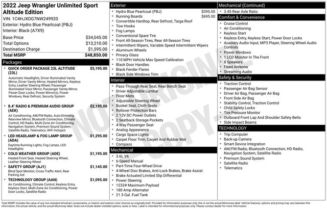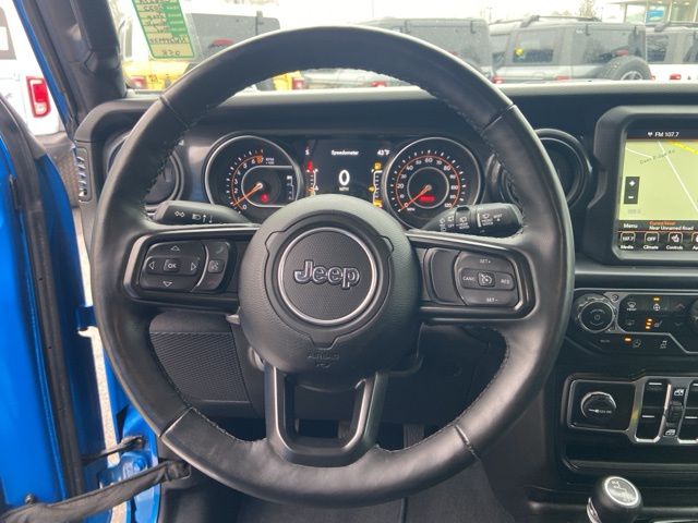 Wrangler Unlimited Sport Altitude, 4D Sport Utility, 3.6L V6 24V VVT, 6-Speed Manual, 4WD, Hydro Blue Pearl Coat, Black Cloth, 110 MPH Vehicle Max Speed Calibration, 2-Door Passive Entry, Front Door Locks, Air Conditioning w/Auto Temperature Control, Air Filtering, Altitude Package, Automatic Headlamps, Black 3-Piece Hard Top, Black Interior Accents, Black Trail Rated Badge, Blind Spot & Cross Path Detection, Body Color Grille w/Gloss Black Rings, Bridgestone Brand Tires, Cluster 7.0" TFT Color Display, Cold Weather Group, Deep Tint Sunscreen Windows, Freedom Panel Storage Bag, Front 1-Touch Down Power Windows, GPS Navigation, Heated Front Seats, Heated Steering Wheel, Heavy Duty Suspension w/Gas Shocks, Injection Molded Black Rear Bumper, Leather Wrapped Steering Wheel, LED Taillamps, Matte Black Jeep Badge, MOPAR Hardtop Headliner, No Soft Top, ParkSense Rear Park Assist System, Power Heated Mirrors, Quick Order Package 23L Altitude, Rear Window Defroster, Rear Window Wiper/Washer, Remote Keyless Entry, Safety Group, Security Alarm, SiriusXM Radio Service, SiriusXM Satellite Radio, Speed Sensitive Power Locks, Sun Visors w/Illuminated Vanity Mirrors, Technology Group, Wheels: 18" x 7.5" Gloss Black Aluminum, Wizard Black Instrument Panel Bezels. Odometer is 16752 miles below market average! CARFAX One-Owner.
...
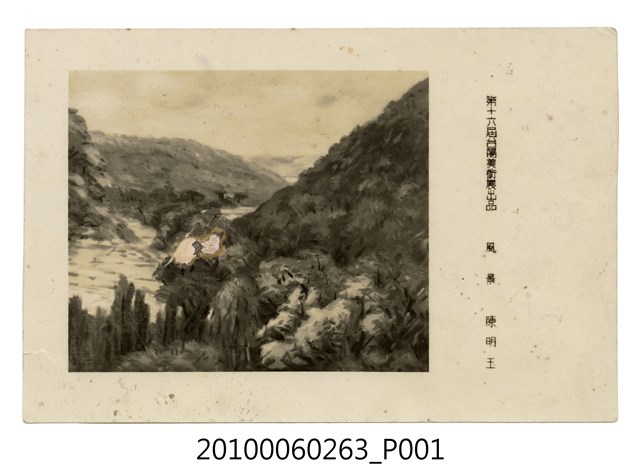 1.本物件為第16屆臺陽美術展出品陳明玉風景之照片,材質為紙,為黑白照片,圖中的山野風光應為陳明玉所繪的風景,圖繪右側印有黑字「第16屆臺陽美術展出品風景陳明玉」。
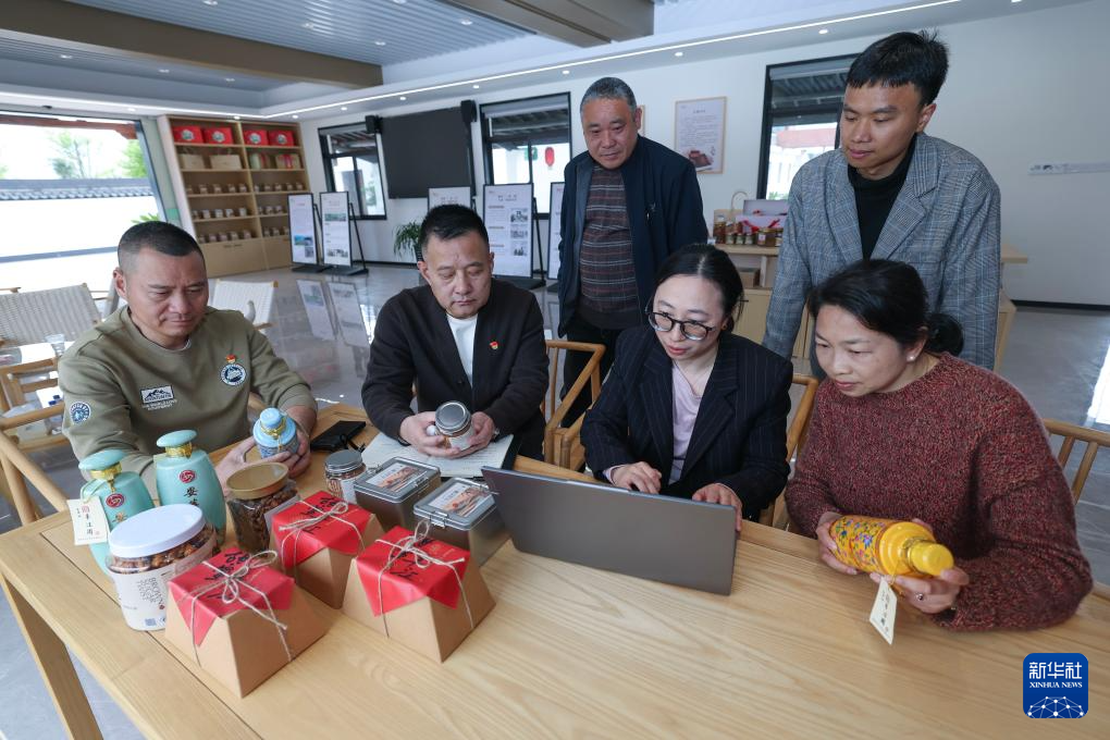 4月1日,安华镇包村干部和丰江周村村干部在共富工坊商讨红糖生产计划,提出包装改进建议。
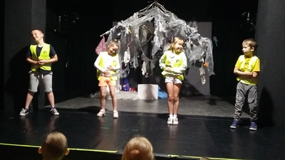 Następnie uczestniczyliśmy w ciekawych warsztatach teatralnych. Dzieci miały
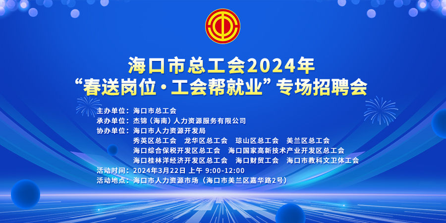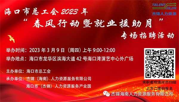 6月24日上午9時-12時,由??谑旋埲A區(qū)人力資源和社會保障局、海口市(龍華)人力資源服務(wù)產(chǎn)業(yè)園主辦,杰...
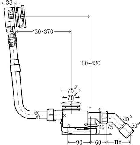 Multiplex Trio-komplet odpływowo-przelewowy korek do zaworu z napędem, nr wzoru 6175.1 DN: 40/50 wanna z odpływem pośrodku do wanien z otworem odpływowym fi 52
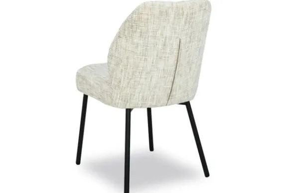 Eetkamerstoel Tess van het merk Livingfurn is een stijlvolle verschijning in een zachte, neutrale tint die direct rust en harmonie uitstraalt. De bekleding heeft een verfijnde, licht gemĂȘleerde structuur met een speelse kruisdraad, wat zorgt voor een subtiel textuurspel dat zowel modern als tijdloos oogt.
---
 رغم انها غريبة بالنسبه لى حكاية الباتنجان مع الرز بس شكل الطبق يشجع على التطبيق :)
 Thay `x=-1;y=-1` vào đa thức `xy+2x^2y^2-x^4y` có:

DESCRIPTION OF THE TASK: Quote the data above from the line containing "رغم انها غريبة" to the line containing "vào đa thức", inclusive, and stop.

REPLY TO THE EXERCISE:
 رغم انها غريبة بالنسبه لى حكاية الباتنجان مع الرز بس شكل الطبق يشجع على التطبيق :)
 Thay `x=-1;y=-1` vào đa thức `xy+2x^2y^2-x^4y` có:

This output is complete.